Ela conta, ainda, que a roda de conversa no final foi muito emocionante, com relatos de superação e reconhecimento da importância desse trabalho para mulheres, professoras e alunas. “Saímos muito felizes com o resultado e acreditamos que a Estação Cultura, pela sua história e simbolismo, também contribuiu para tornar essa experiência ainda mais significativa”, completou.
Para participar das próximas oficinas, é recomendado que as interessadas se vistam de maneira confortável. Roupas de uso cotidiano no trabalho também são adequadas, já que a defesa pessoal é uma ferramenta de segurança e não um esporte.
As oficinas contam com recursos de uma emenda impositiva.
Depoimentos
Ana Carolina dos Santos Martins – “Aprendi que manter o olhar firme e não se intimidar diante de um possível agressor pode fazer a diferença. É um conhecimento que pode salvar vidas.”
Sara Micaroni – “A gente pode estar em situação de vulnerabilidade, mas não é vulnerável. Autodefesa também é autoconhecimento.”
Jasmim Oliveira – “Quando as instrutoras falaram sobre a questão de ‘olhar no olho’, eu achei muito forte. Para mim foi até difícil essa dinâmica. A mulher passa por situações em que pode dizer para um homem, que fica com o olhar fixo nela: ‘Quem você acha que é?’. Os homens não imaginam que a mulher vai reagir.”
Marta dos Santos Neves – “Eu fiquei impactada e refleti quando as instrutoras falaram que ‘as pessoas que nós amamos, nós protegemos’. Mas nós mesmas não nos protegemos. Isso me fez pensar e mudar de ideia.”
Kelly Arduino – “A abordagem retratada aqui é muito importante, pois olhou para todos os níveis de violência e não apenas para a parte física. A questão do empoderamento não se resume à força: é também estratégia, e isso independe da força física. Todas podem e conseguem.”
Bruna Arduino – “Eu achei as oficinas muito importantes. Já tinha participado de outras, mas elas focavam apenas na parte física. Esta aborda outras dimensões da violência. A parte mental também foi muito bem trabalhada, para que as mulheres possam se defender desde o princípio, com palavras, afirmações, olhar e, se necessário, constranger o homem e fazer com que ele se afaste.
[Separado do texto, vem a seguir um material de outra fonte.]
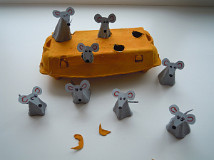 Итак, маленькие мышки готовы, осталось расставить их вокруг сыра. Давайте некоторых мышек поставим в «дырки» сыра. Ну вот и всё, наша поделка готова. Посмотрите, какая она получилась красивая и забавная. Ребята, вам понравилась работа?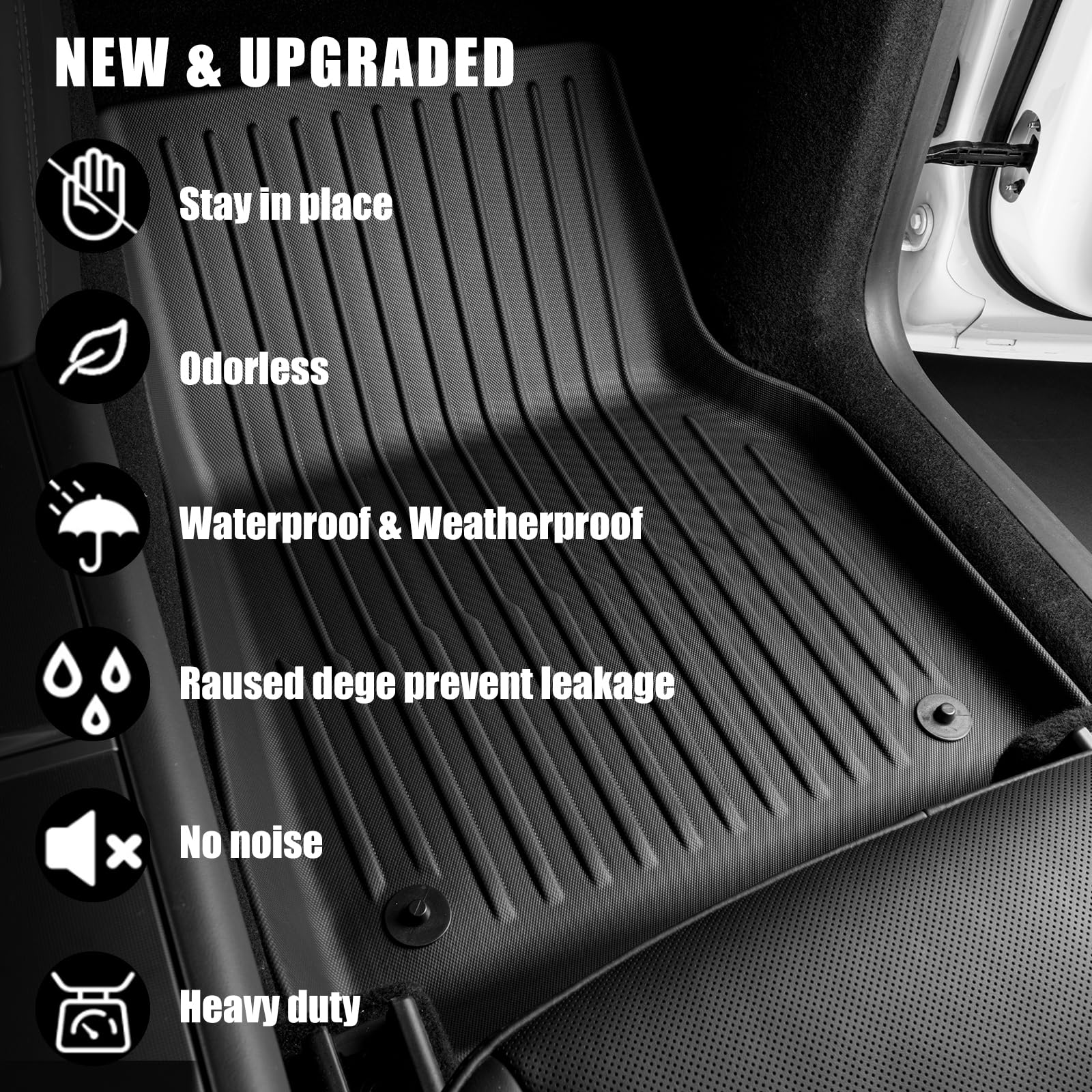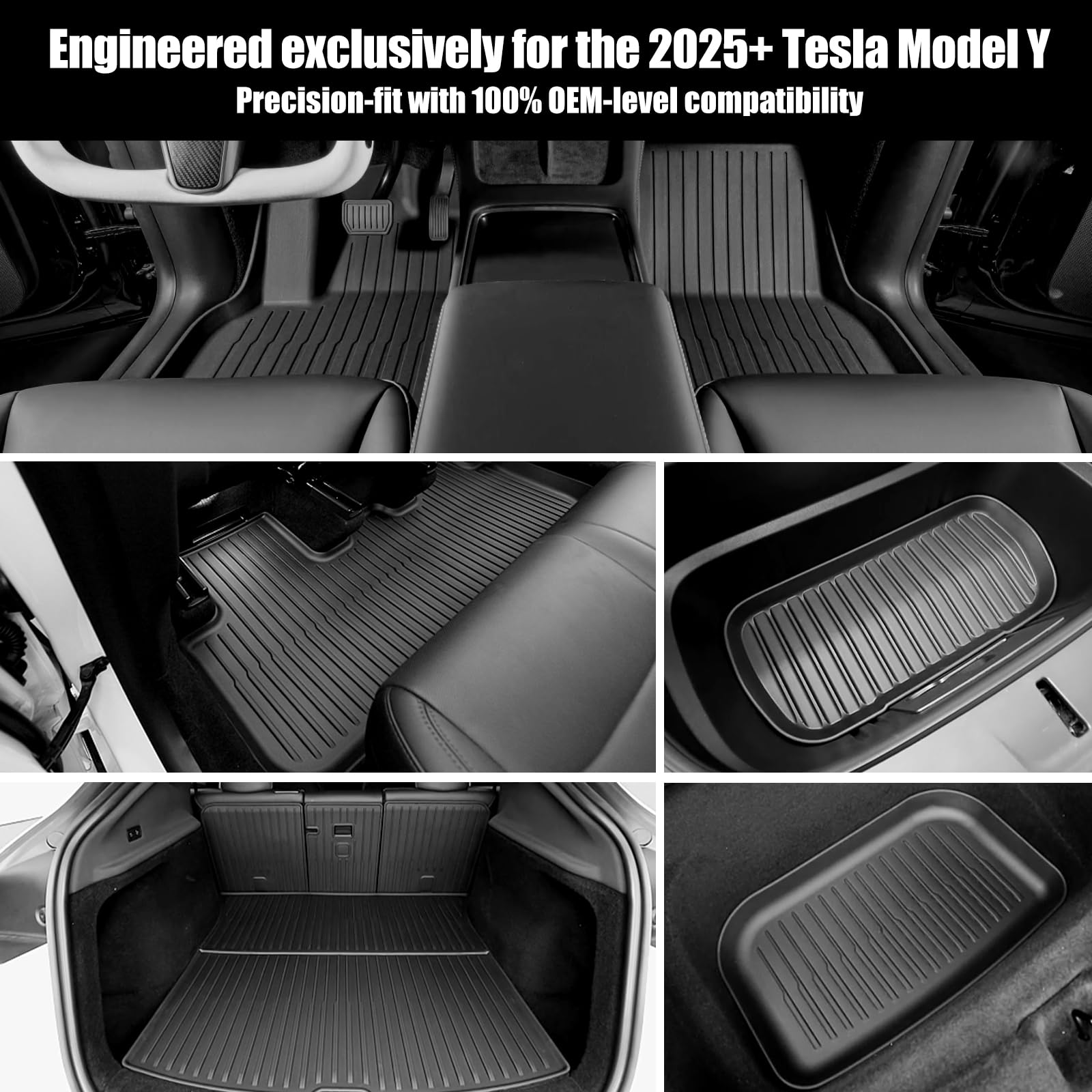 FITS LIKE A GLOVE: Auxko for Tesla Model Y Juniper 2026 2025 & Tesla New Model Y all weather floor mats & lower storage mat & front trunk liner & rear cargo mat with back seat protector car full mats set are high-precision laser measured, meaning our custom fit will offer optimal coverage and look as if the mats came with your Tesla New Model Y 2025 2026/Model Y Juniper. Auxko incorporates a specially designed retention system and non-slip nibs on the mats to keep them locked in place.

A gente consegue!”
Quem pode participar
As oficinas de autodefesa são abertas a servidoras, trabalhadoras de instituições parceiras, familiares e mulheres da comunidade em geral, com idade a partir de 14 anos.
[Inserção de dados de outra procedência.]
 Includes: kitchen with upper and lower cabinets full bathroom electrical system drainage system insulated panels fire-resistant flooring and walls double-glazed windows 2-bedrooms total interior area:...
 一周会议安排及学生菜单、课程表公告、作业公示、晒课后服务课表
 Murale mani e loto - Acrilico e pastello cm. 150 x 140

O conteúdo das oficinas inclui reconhecimento de categorias de violência, percepção de ambiente e proteção do espaço íntimo, movimentos básicos de autodefesa, uso da voz como ferramenta de defesa e saídas de agressões típicas, como pegada de braço, cabelo, estrangulamento, abraços por trás e violência sexual. As participantes também aprendem a transformar objetos do dia a dia, como canetas, chaves e bolsas, em potencializadores de força.
Empodere-se
A Empodere-se atua desde 2017 com o objetivo de promover diversidade e inclusão junto a empresas e instituições, por meio de ferramentas voltadas ao cotidiano. “Aprender a se defender é um direito de todas, e cada vez mais mulheres têm procurado essa tecnologia social que tem salvado vidas”, contou Amanda Lemes.
Amanda explicou que a parte física é importante para uma emergência. Segundo ela, porém, a autodefesa vai além, pois constrói consciência e estratégia para o bem-estar em todas as dimensões da vida. “Dialogamos com as artes marciais, mas também com o preparo psicológico para enfrentar situações de risco e com toda a rede de acolhimento às mulheres que a cidade promove”, completou.
Serviço
Oficina de Defesa Pessoal
18 de julho (sábado), às 10h
Local: Biblioteca Pública Municipal Professor Ernesto Manoel Zink
Endereço: avenida Benjamin Constant, 1633, Centro
Público-alvo: mulheres da região
25 de julho (sábado), às 19h
Local: Igreja do Evangelho Eterno (conhecida na região como “Igreja do Isac”)
Endereço: rua Coronel Serafim Migueis, 143, Jardim Eulina
Público-alvo: mulheres da região
Outras oficinas estão programadas para o mês de julho e agosto e serão divulgadas em breve.